Across disciplines, we find steep prestige hierarchies, in which only 9 to 14% of faculty are placed at institutions more prestigious than their doctorate (ρ = 0.86 to 0.91). Furthermore, the extracted hierarchies are 19 to 33% stronger than expected from the observed inequality in faculty production rates alone (Monte Carlo, P < 10−5; see Supplementary Materials), indicating a specific and significant preference for hiring faculty with prestigious doctorates.

Click for larger images.



3 comments:

mfm32 said...

An interesting approach with very cool results (i.e. they comport with intuition enough to be credible, but not enough to be boring).

I think their ranking methodology has a pretty serious flaw, however. I'll focus on CS, since that's the area I know best.

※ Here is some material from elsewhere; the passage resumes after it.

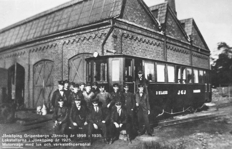 Jönköping-Gripenbergs Järnväg. Motorvagn med lok och verkstadspersonal vid Lokstallarna i Jönköping år 1925.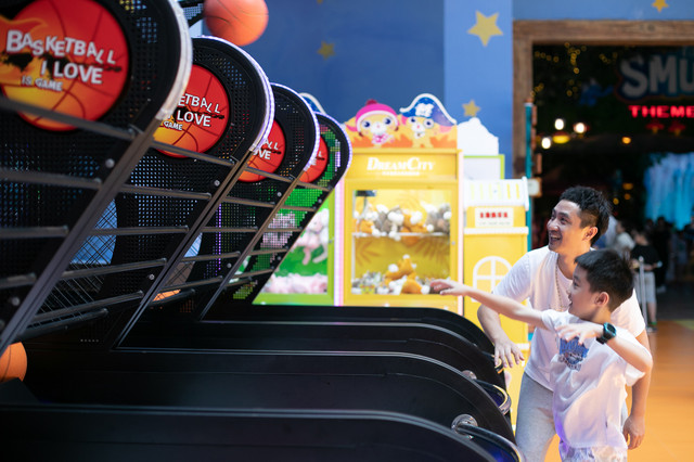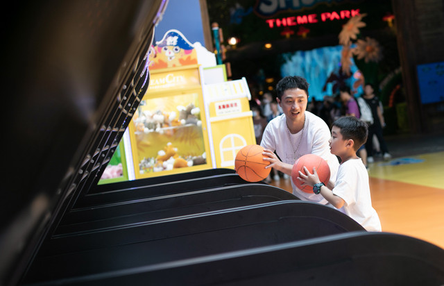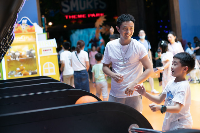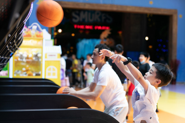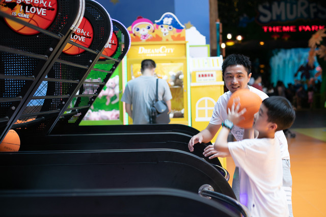结束黑暗实验室的旅程,终于到了老爸我大显身手的时候了,蓝精灵乐园里的设备都很新,性能良好,玩起来非常顺,投篮机这里就看我如何百发百中了。

The problem is that the p measure of hierarchy strength favors ranking highly those departments that produce fewer academic placements per faculty member. Consider a department that produces no academic placements whatsoever (e.g. because all the graduating students go to work at Google). That department's node in the multigraph will have only incoming edges, and it will never decrease p to rank such departments at the top of the hierarchy. High rankings for these departments increase the number of prestige-enhancing outgoing edges with no corresponding increase in the number of prestige-decreasing outgoing edges, because these departments by definition have no outgoing edges. In reality, though, producing very few academic placements relative to your faculty size is likely anticorrelated with prestige.

You can sort of see this phenomenon occurring in the CS rankings. Stanford has an enormous CS faculty, largely because of its 770 undergraduate majors. Its doctoral program is much smaller and has high attrition due to the many attractive non-academic opportunities for a Stanford PhD candidate in the Bay Area (so I hear and the department website seems to support). The result is a ton of faculty, comparatively few academic placements, and a consequent tendency toward higher ranking. The paper itself even points out a similar thing likely going on with Caltech, though it doesn't identify the cause. The authors remark, "Caltech ranks above 98.5% of other institutions but places fewer computer science faculty than 27 lower-ranked institutions" but attribute this anomaly to prestige. Yet Caltech's graduate CS program appears to have over 70 students according to its website, suggesting that Caltech isn't a highly prestigious boutique CS department. Instead, I'd suspect that something similar to Stanford is going on: relatively few academic placements but a big faculty to support a large contingent of undergraduate majors. Or, in the parlance of the paper, lots of incoming edges and very few outgoing edges.

steve hsu said...

Isn't 70 grad students on the small size for most CS departments? Even if CS is now the most popular major, Caltech can't have more than ~200 undergrads total in the program. The UG student body (and almost every department, in number of faculty relative to competitors) is quite small. (Smaller than most high schools!)

mfm32 said...

I think it's actually pretty big. Not the biggest, for sure, but Yale for instance admits about 8 new PhD students a year, which gives a total number of doctoral students of 20 - 30 depending on how long you think the average time to degree is. The article similarly suggests that Caltech may be in the ~68th percentile for size.

Maybe Caltech CS students are more likely to go into non-academic jobs or academic jobs in other fields (unclear how those count in the algorithm). Maybe it has to do with Caltech's CS department combining some applied math and traditional engineering fields as well, which could contribute to grad student leakage out of the CS academic ecosystem.